Echte Rockband statt KI
In Claudia Webers Hörspiel wird aus den Zeilen ein veritabler Rocksong und auch wenn der Schauspieler, der ihn performt kein Rocksänger ist, überträgt sich unmittelbar die Energie des Songs, die in der Aufforderung: „Erfind‘ dich neu und drück REPEAT“ mündet. Es ist erstaunlich, wie viel Poetizität man diesen Leertexten zutraut. Möglicherweise liegt das auch daran, dass den Song eine echte Rockband eingespielt hat und nicht die Musik-KI „Suno“, deren synthetische Songs man jetzt überall hören kann.

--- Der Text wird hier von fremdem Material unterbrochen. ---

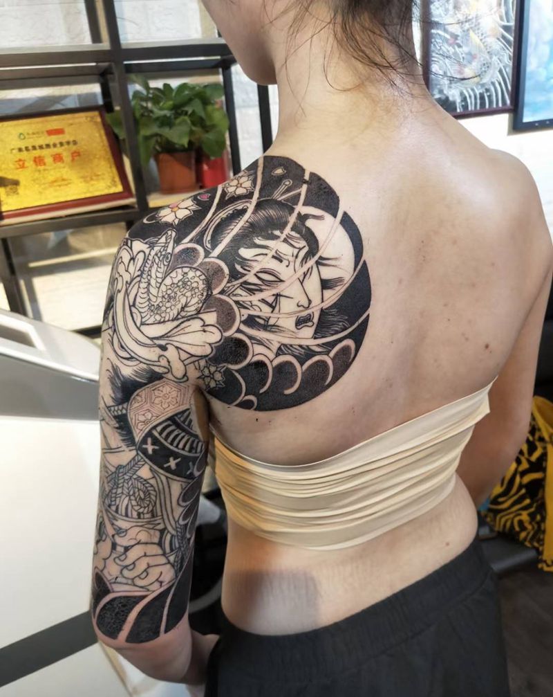 黑灰满背纹身图案

Noch sind die digitalen Authentizitätssimulationen schlechter als die der analogen Welt.
Claudia Webers Hörspiel „REPEAT“ reiht sich in gleich zwei Traditionslinien ein. Zum einen in die der französischen Werkstatt für Potentielle Literatur Oulipo („L’Ouvroir de Littérature Potentielle“), die sich in ihrer Textproduktion verschiedenen formalen Zwängen („contraintes“) unterwarfen. Zum anderen in die Tradition eines Mauricio Kagel, der in seiner Hörspielperformance „Der Tribun“ (WDR 1979) Versatzstücke der Rede eines Diktators aneinanderreihte und damit eine gespenstisch realistische Rede produzierte. In Claudia Webers Hörspiel kann man hören, was das Hörspiel kann, wenn es seine Elemente so klug anordnet und miteinander interagieren lässt, dass selbst ein weitgehend sinnloser Text überraschend handlungsreich und selbstreflexiv wirkt.